## WHAT TO DO:
Every line below from the one with "五十川 小央里さんを姓名の画数から五運を鑑定" through the one with "11-NT43-STERLING SILVER EMERALD, SAPPHIRE" is to be repeated exactly, with no picture among them.
....................
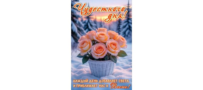Открытка "ЧУДЕСНОГО ДНЯ! КАЖДЫЙ ДЕНЬ ДОБАВЛЯЕТ СВЕТА И ПРИБЛИЖАЕТ НАС К ВЕСНЕ!"
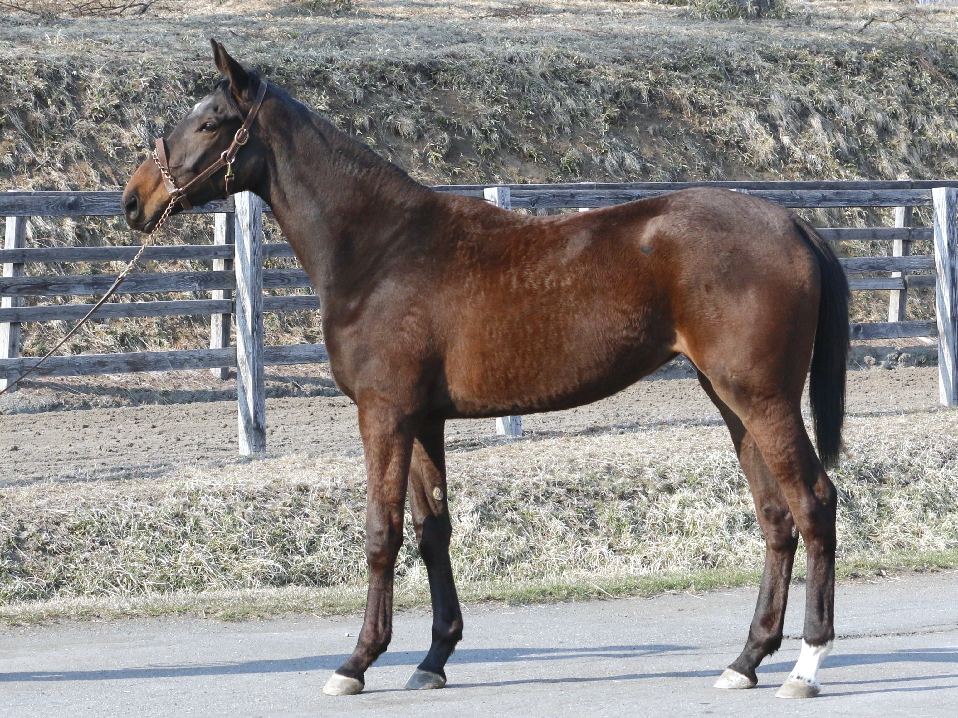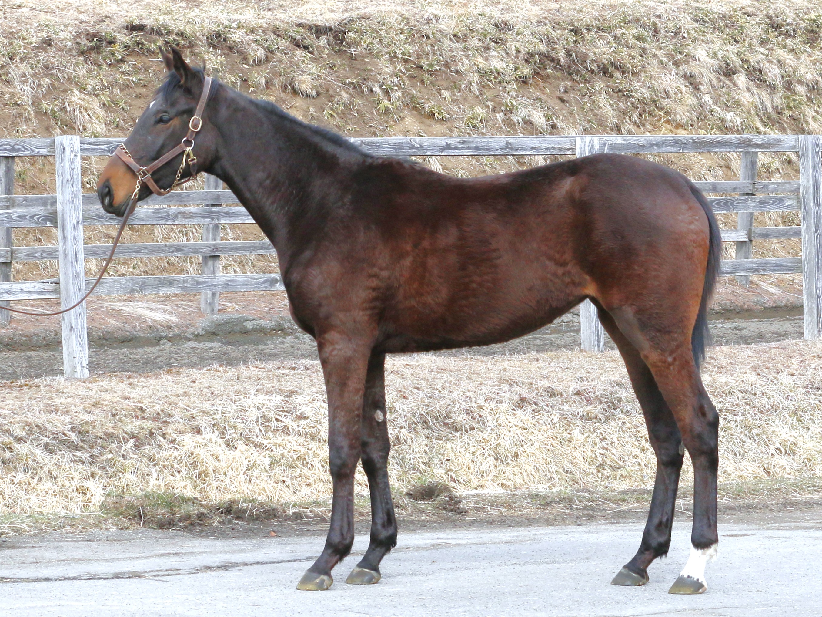 場長は「引き続き坂路コースで乗り込んでいます。左後肢の膝蓋骨はその後外れることも無く、歩様も改善されつつあります。順調に乗り込むことができており、徐々に筋肉も付いてきているのではないでしょうか。調教の動きは上々ですが、体高の割に中々馬体に幅が出てきていないところです。このまま乗り込んで幅が出てくると更に良くなってくると思います。このまま進めていきます」とコメントしています。
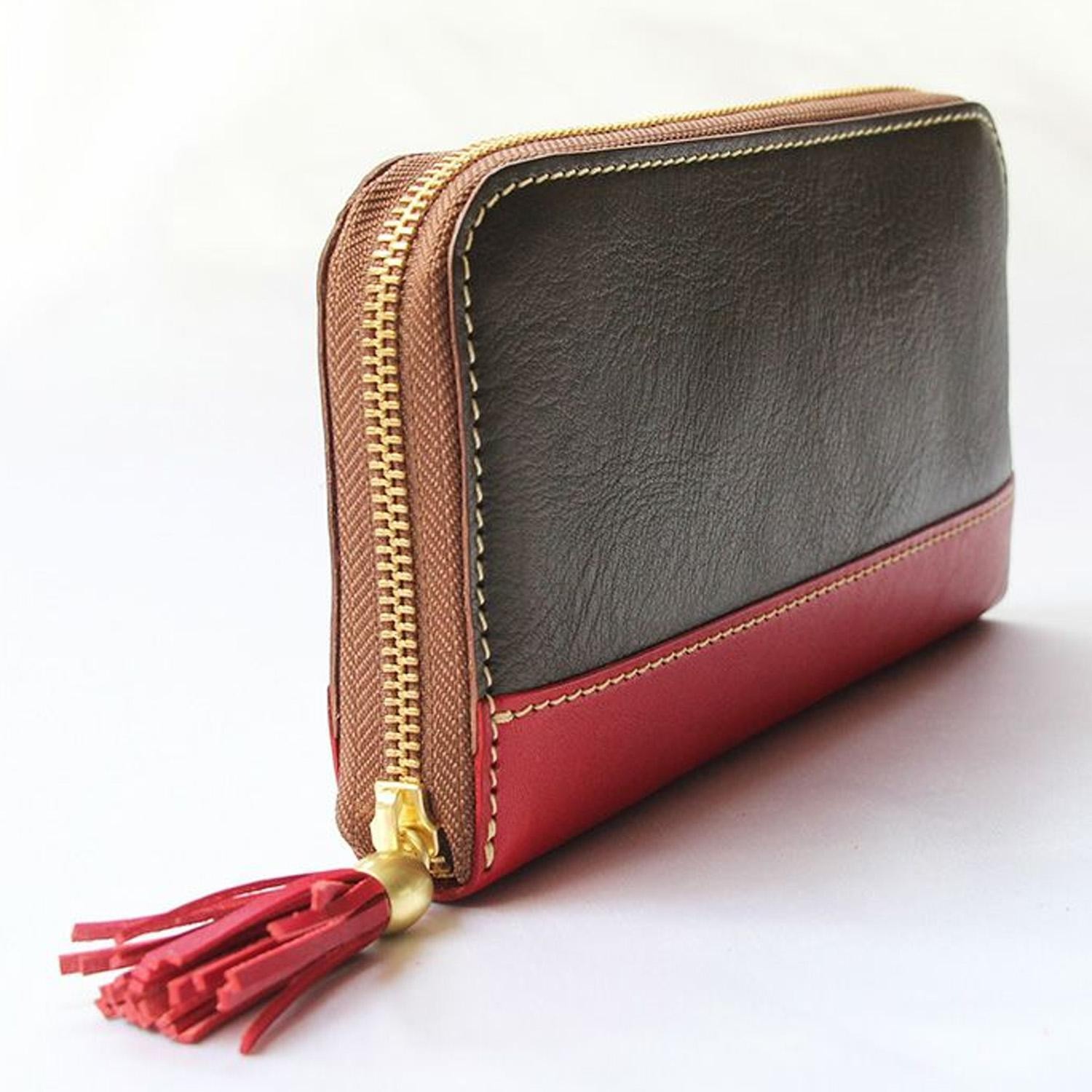 適度な厚みがあり、手で握りやすいマチ幅。 ファスナーの引き手はタッセルチャームが付いています。
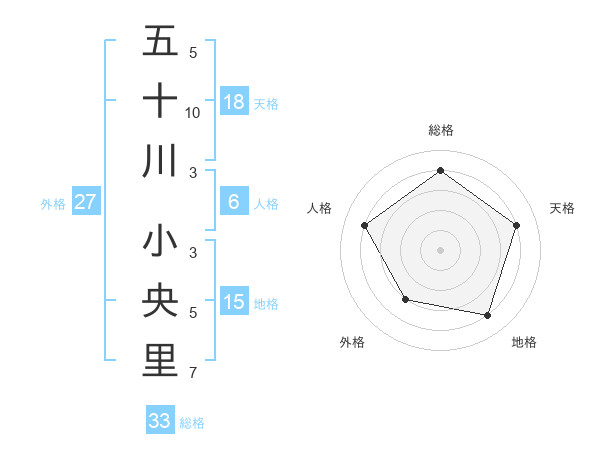 五十川 小央里さんを姓名の画数から五運を鑑定
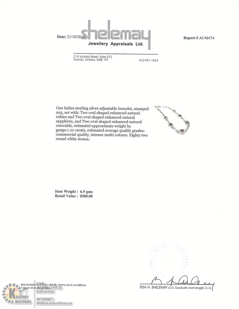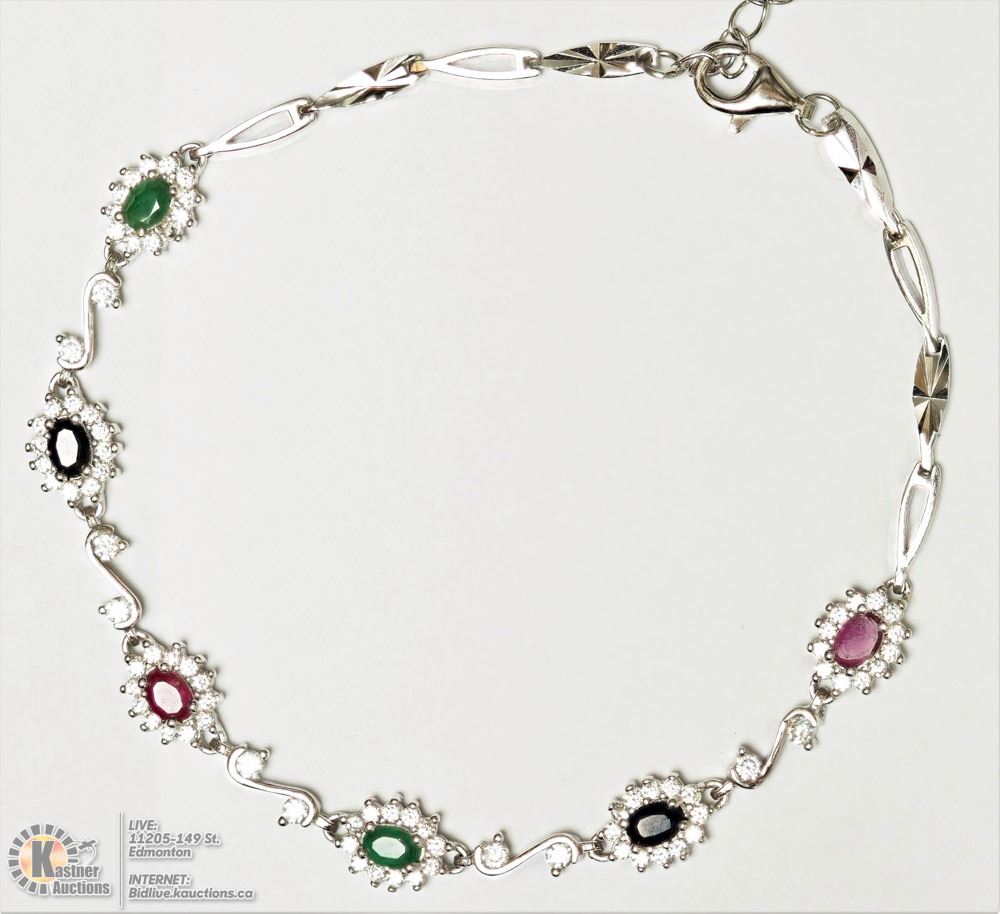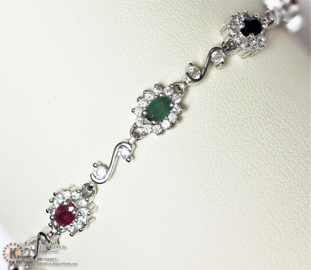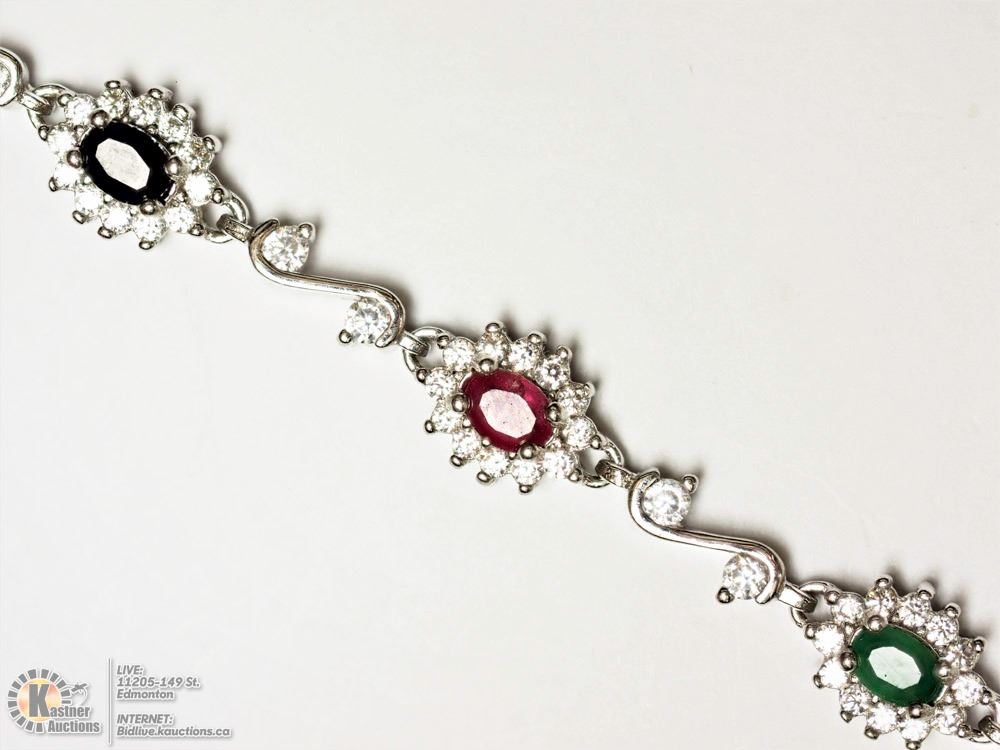 11-NT43-STERLING SILVER EMERALD, SAPPHIRE AND RUBY (1.10CT) ADJUSTABLE BRACELET W/COA. SUGGESTED REPLACEMENT VALUE $500.00
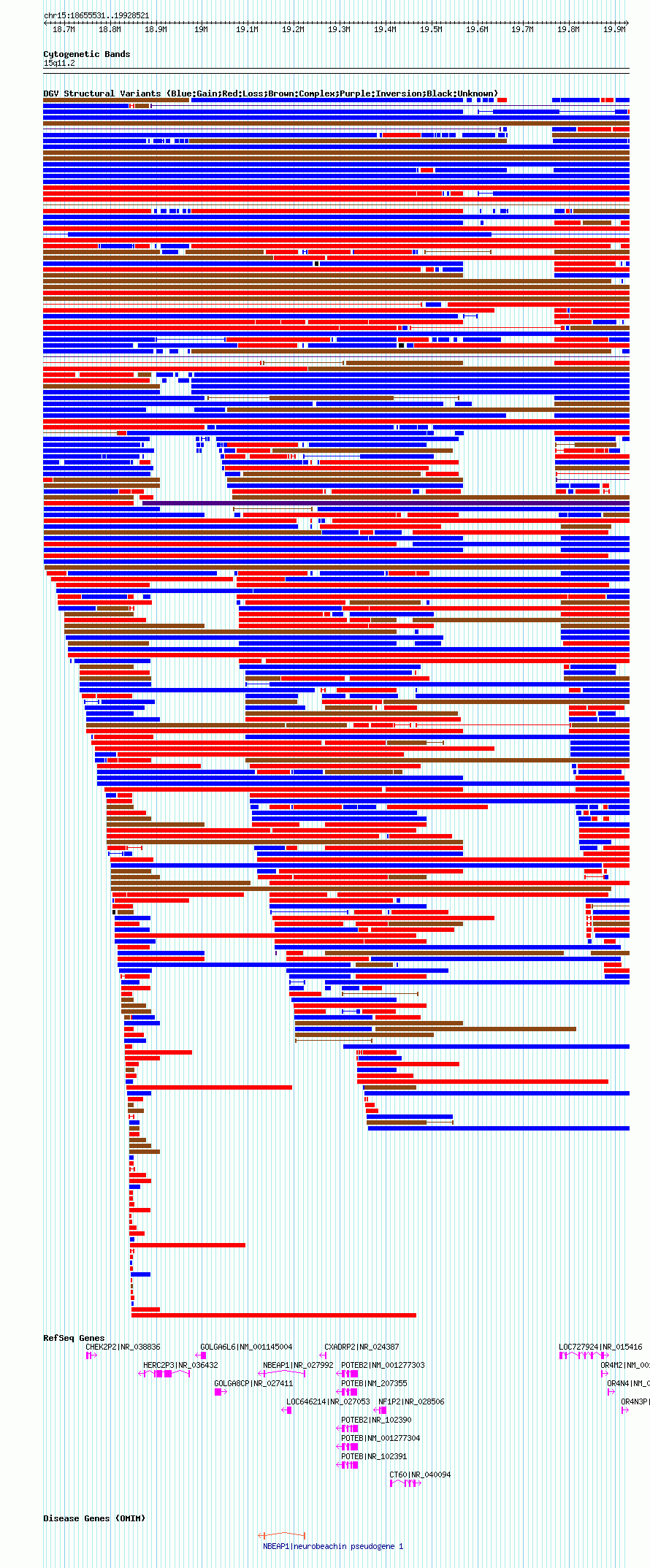 | | Variant Type | CNV gain | | Copy Number | | | Allele State | | | Allele Origin | | | Probe Count | | | Validation Flag | | | Merged Status | M | | Merged Variants | dgv2214n100 | | Supporting Variants | nssv3538060, nssv3538059 | | Samples | | | Known Genes | CHEK2P2, CT60, CXADRP2, GOLGA6L6, GOLGA8CP, HERC2P3, LOC646214, LOC727924, NBEAP1, NF1P2, OR4M2, OR4N3P, OR4N4, POTEB, POTEB2 | | Method | SNP array | | Analysis | Affymetrix SNP array copy number analysis | | Platform | Affymetrix SNP Array 6.0 | | Comments | | | Reference | Coe_et_al_2014 | | Pubmed ID | 25217958 | | Accession Number(s) | nsv1040414
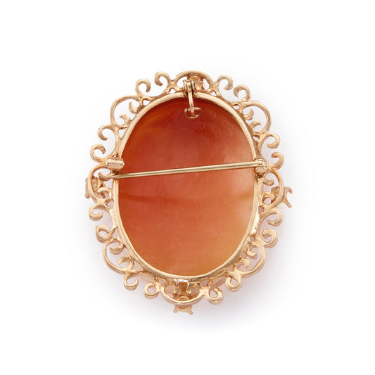 Edwardian 10ct Rose Gold Cameo and Pearl Brooch
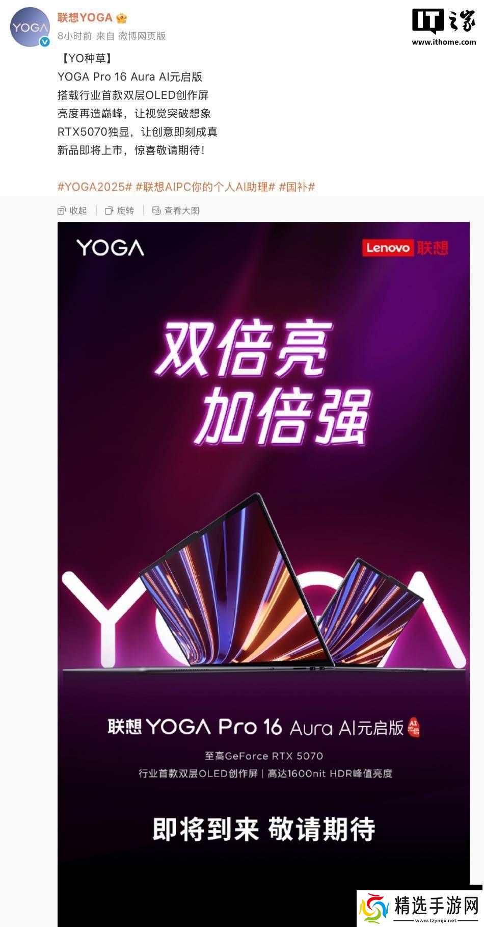 联想近日通过其YOGA官方微博揭晓了一款备受瞩目的新品——YOGA Pro 16 Aura AI 元启版笔记本电脑,这款电脑将于5月8日晚7点正式发布。据透露,这款笔记本不仅搭载了性能强劲的RTX 5070显卡,更在屏幕上实现了突破,号称是行业内首款配备双层OLED创作屏的笔记本,峰值亮度高达1600尼特。
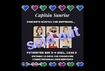 Show a la vista de Capitán Sunrise, que ahora cuenta con el cartel de no hay entradas, en Fotomatón Bar de Madrid. Capitán Sunrise llega al Fotomatón Bar en acústico en un concierto esperado, directo elegante y previsto para el puente. Con Capitán Sunrise (una de las grandes bandas de pop nacionales) anuncia fecha en Madrid, una nueva propuesta que ha agotado entradas, el show será en horario matinal el 3/4 y la sala será Fotomatón Bar donde siempre se han sentido cómodos tocando o disfrutando de la sala. Este show en fechas festivas es una apuesta por los directos de calidad.
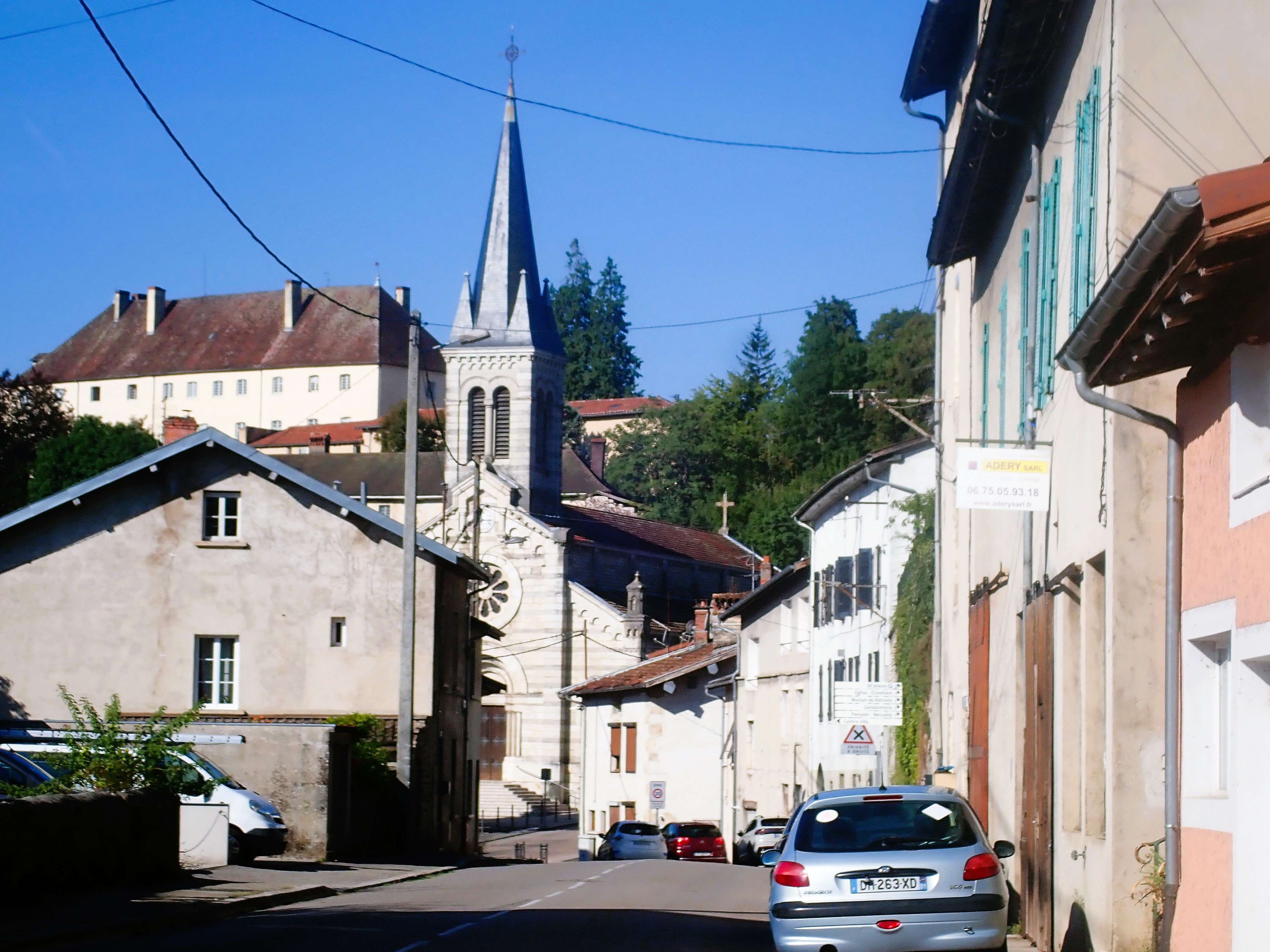 The going was very hilly then through the Jura Massif, and I snuck into a campground at Poligny to recharge the batteries for 40 minutes, and then just made it the 25 km further on along the flat and straight but very busy D1083 road to Lons-Le-Saunier.
....................
## WRITTEN RESPONSE:
 五十川 小央里さんを姓名の画数から五運を鑑定
 11-NT43-STERLING SILVER EMERALD, SAPPHIRE AND RUBY (1.10CT) ADJUSTABLE BRACELET W/COA. SUGGESTED REPLACEMENT VALUE $500.00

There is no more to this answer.